For me, yes, I keep trying to retire and now, in the winter, when the garden is put to bed, I don’t want to work any more than I have to at the restaurant. I want to kick back and read. But there is another thing gnawing at me, some need I feel to be doing more. I think about volunteering or, perhaps running for a town or state office. I keep talking myself out of it yet I feel that it would feel good to be involved in something larger than myself. I think this comes from my belief that I can make a difference, that my approach to people could move an entity in a positive direction. There would be meetings and things to figure out, problems to solve. I think I would feel needed.

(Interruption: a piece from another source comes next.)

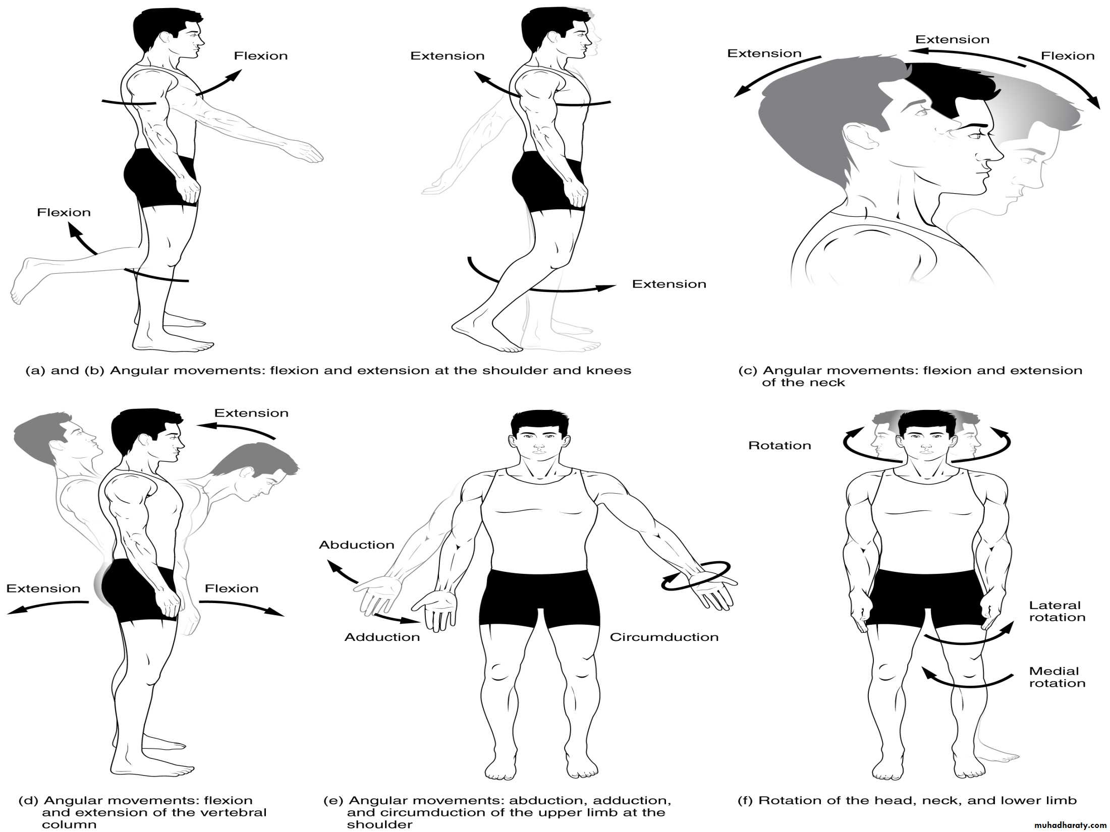 Flexion is a movement that takes place in a sagittal plane. For example, flexion of the elbow joint approximates the anterior surface of the forearm to the anterior surface of the arm. It is usually an anterior movement, but it is occasionally posterior, as in the case of the knee joint.Extension means straightening the joint and usually takes place in a posterior direction.

I have known retired people who took up a musical instrument, who took up a new sport or started building models. I think any of these activities might fill the same void, might feed the soul. There are those who spend hours fiddling with their investments. This could be the same kind of thing though it seems different to me.

Where do I get off talking about profound happiness as if I had reached some vaunted plateau? Good question. I’m glad I asked it first. If you understand my philosophical base, you will realize that I am running my life on the assumption that I may be the only person involved in my life, all else, everyone else is an illusion, a hologram--characters and events through and around which I weave my life (or my life is woven). You, at this moment, are an important part of my life. I know, I know first I tell you you don’t exist and then I tell you you are an important part of my life. I hate the confusion but I’m unable to be clearer at this point. Perhaps I will be more articulate at some future time.

You are important to me because I love you and I want you to be happy. Telling you that I have something that you might not have is no way to make you happy. The best I can do now is to suggest that you smile at someone. Think about some specific person or situation in which you will have an opportunity to give off a big sincere smile—a “Hi, I’m sure glad to be sharing this space and time with you. I’m glad we are both alive here together.” Think about the situation now and maybe even make a note to yourself to help you remember. It can be a store clerk, a person coming toward you on the street, a neighbor, anyone. If you experience is anything like mine, most times you will get a smile back. If that smile doesn’t make you feel better, then give up any effort to understand my philosophy.